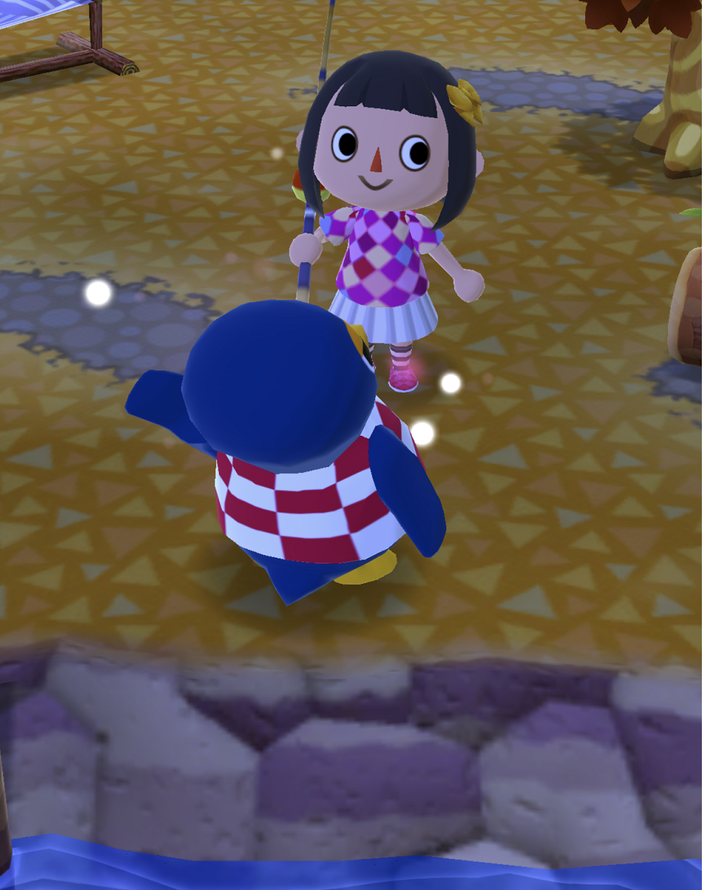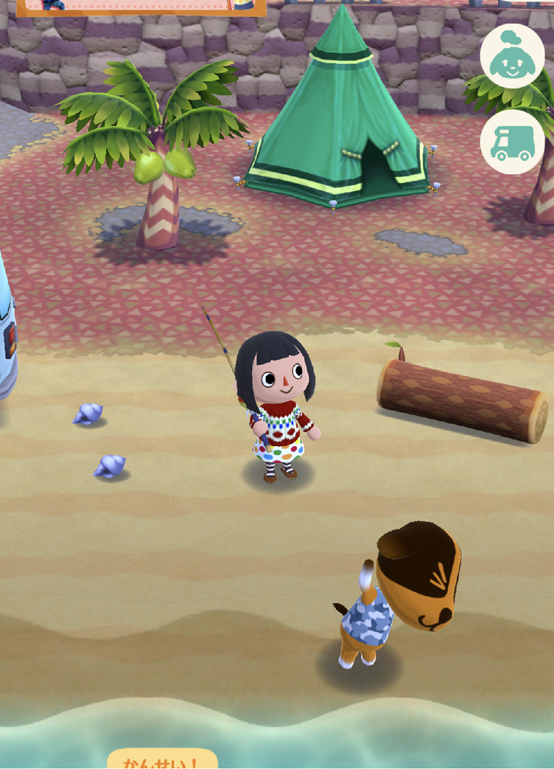 その後しずえさんに自己紹介して果物拾ったりあちこちの島へ行ったりというチュートリアルをしました。キャンプ場を真ん中にして回りに魚の島、お店の島、などが配置されていて、その移動もクリックで飛べるので、時間もかからずあーらくちん。
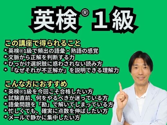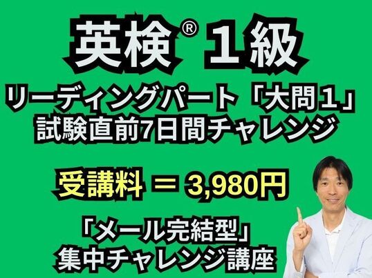 英検®︎1級リーディング・最重要パート大問1語彙問題に絞り、試験直前7日間で得点力を底上げするメール完結型チャレンジ講座
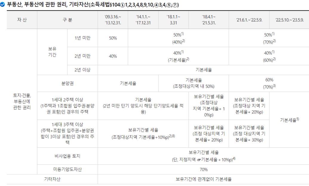 앞서 언급했듯이 양도세의 경우 취득시기와 , 보유기간, 주택수, 소재지에 다라 양도세율이 달라지기 때문에 양도세 계산이 복잡할 수 있습니다.
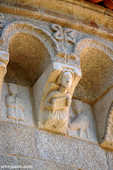 De imponente se puede calificar la cabecera, con la particularidad ya citada de disponer los absidiolos laterales más altos que el central. Además del equilibrio de formas generado por las líneas verticales y horizontales de columnas e impostas, hay que resaltar la colección escultórica de ménsulas y metopas.
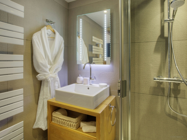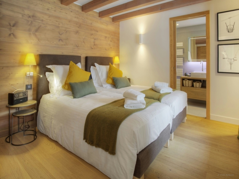 Ga naar de eerste verdieping, waar nog drie slaapkamers zijn. Een tweepersoonskamer met en-suite badkamer met douche en toegang tot het terras, en nog twee tweepersoonskamers met en-suite badkamer met douche, waarvan een kan worden opgemaakt als een twin indien u dat wenst. Beide slaapkamers hebben toegang tot het balkon, en één heeft toegang tot een terras aan de zijkant van het chalet. Alle kamers hebben een eigen TV, dus iedereen kan kijken naar welk programma hij maar wil.
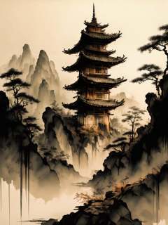 best quality, high resolution, unity 8k wallpaper, (illustration:1.0),<lora:shuimo_v1:0.9>,chinese_style,tower,sky,
____________________
An exact copy is needed of the lines running from the one containing "Ga naar de eerste" through the last line of the material, and of no others; pictures stay out.

 Ga naar de eerste verdieping, waar nog drie slaapkamers zijn. Een tweepersoonskamer met en-suite badkamer met douche en toegang tot het terras, en nog twee tweepersoonskamers met en-suite badkamer met douche, waarvan een kan worden opgemaakt als een twin indien u dat wenst. Beide slaapkamers hebben toegang tot het balkon, en één heeft toegang tot een terras aan de zijkant van het chalet. Alle kamers hebben een eigen TV, dus iedereen kan kijken naar welk programma hij maar wil.
 best quality, high resolution, unity 8k wallpaper, (illustration:1.0),<lora:shuimo_v1:0.9>,chinese_style,tower,sky,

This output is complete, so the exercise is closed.